I'm, working on refactoring our code so that we can use the CAKE pattern for DI.
I've stumbled upon a serialisation issue which I'm having difficulty in understanding.
When I call this function:
def getAccounts(winZones: Broadcast[List[WindowsZones]]): RDD[AccountDetails] = {
val accounts = getAccounts //call to db
val result = accounts.map(row =>
Some(AccountDetails(UUID.fromString(row.getAs[String]("")),
row.getAs[String](""),
UUID.fromString(row.getAs[String]("")),
row.getAs[String](""),
row.getAs[String](""),
DateUtils.getIanaZoneFromWinZone(row.getAs[String]("timeZone"), winZones))))
.map(m=>m.get)
result
}
it works perfectly, but this is ugly and I want to refactor it so that the middle mapping from row to AccountDetails is placed inside a private function - but when doing that it causes the serialisation issue.
I'd like:
def getAccounts(winZones: Broadcast[List[WindowsZones]]): RDD[AccountDetails] = {
val accounts = getAccounts
val result = accounts
.map(m => getAccountDetails(m, winZones))
.filter(_.isDefined)
.map(m => m.get)
result
}
private def getAccountDetails(row: Row, winZones: Broadcast[List[WindowsZones]]): Option[AccountDetails] = {
try {
Some(AccountDetails(UUID.fromString(""),
row.getAs[String](""),
UUID.fromString(row.getAs[String]("")),
row.getAs[String](""),
row.getAs[String](""),
DateUtils.getIanaZoneFromWinZone(row.getAs[String]("timeZone"), winZones)))
}
catch {
case e: Exception =>
logger.error(s"Unable to set AccountDetails $e")
None
}
}
Any help is appreciated of course, the AccountDetails obj is a case class should that be pertinent.

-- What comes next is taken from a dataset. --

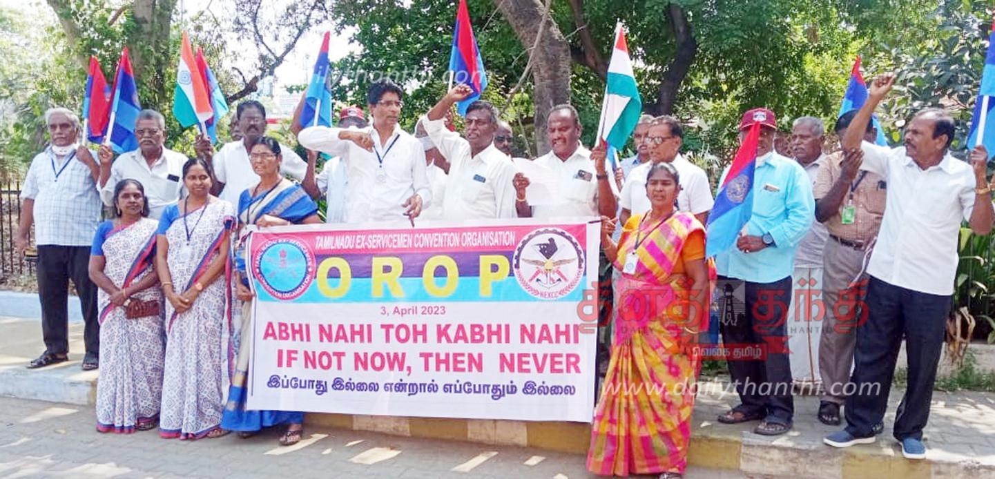 தமிழ்நாடு முன்னாள் படைவீரர் மாநாடு கூட்டமைப்பு தலைவர் பழனியப்பன் தலைமையில் அந்த அமைப்பினர் மனு கொடுப்பதற்காக வந்தனர். அப்போது அவர்கள் கலெக்டர் அலுவலக வளாகத்தில் ஆர்ப்பாட்டத்தில் ஈடுபட்டனர். அதன்பிறகு அவர்கள் கொடுத்த கோரிக்கை மனுவில், "ஒரு பதவி, ஒரு ஒய்வூதியம் என்ற அடிப்படையில் ஓய்வூதியம் வழங்க வேண்டும். ஓய்வூதியத்தில் உள்ள பாகுபாடுகளை சரி செய்ய வேண்டும். முன்னாள் படைவீரர்கள், முன்னாள் படைவீரர் விதவைகள் போன்றோருக்கு குறைக்கப்பட்ட ஓய்வூதியத்தை உயர்த்தி வழங்க வேண்டும்", என்று கூறப்பட்டு இருந்தது.

Also happy to take any other advice on implementing cake or DI with spark in general. Thanks.
Edit to show structure:
trait serviceImpl extends anotherComponent {this: DBA =>
def Accounts = new Accounts
class Accounts extends AccountService {
//the methods above are defined here.
}
Edit to include stacktrace:
17/02/13 17:32:32 INFO CodeGenerator: Code generated in 271.36617 ms
Exception in thread "main" org.apache.spark.SparkException: Task not serializable
at org.apache.spark.util.ClosureCleaner$.ensureSerializable(ClosureCleaner.scala:298)
at org.apache.spark.util.ClosureCleaner$.org$apache$spark$util$ClosureCleaner$$clean(ClosureCleaner.scala:288)
at org.apache.spark.util.ClosureCleaner$.clean(ClosureCleaner.scala:108)
at org.apache.spark.SparkContext.clean(SparkContext.scala:2039)
at org.apache.spark.rdd.RDD$$anonfun$map$1.apply(RDD.scala:366)
at org.apache.spark.rdd.RDD$$anonfun$map$1.apply(RDD.scala:365)
at org.apache.spark.rdd.RDDOperationScope$.withScope(RDDOperationScope.scala:151)
at org.apache.spark.rdd.RDDOperationScope$.withScope(RDDOperationScope.scala:112)
at org.apache.spark.rdd.RDD.withScope(RDD.scala:358)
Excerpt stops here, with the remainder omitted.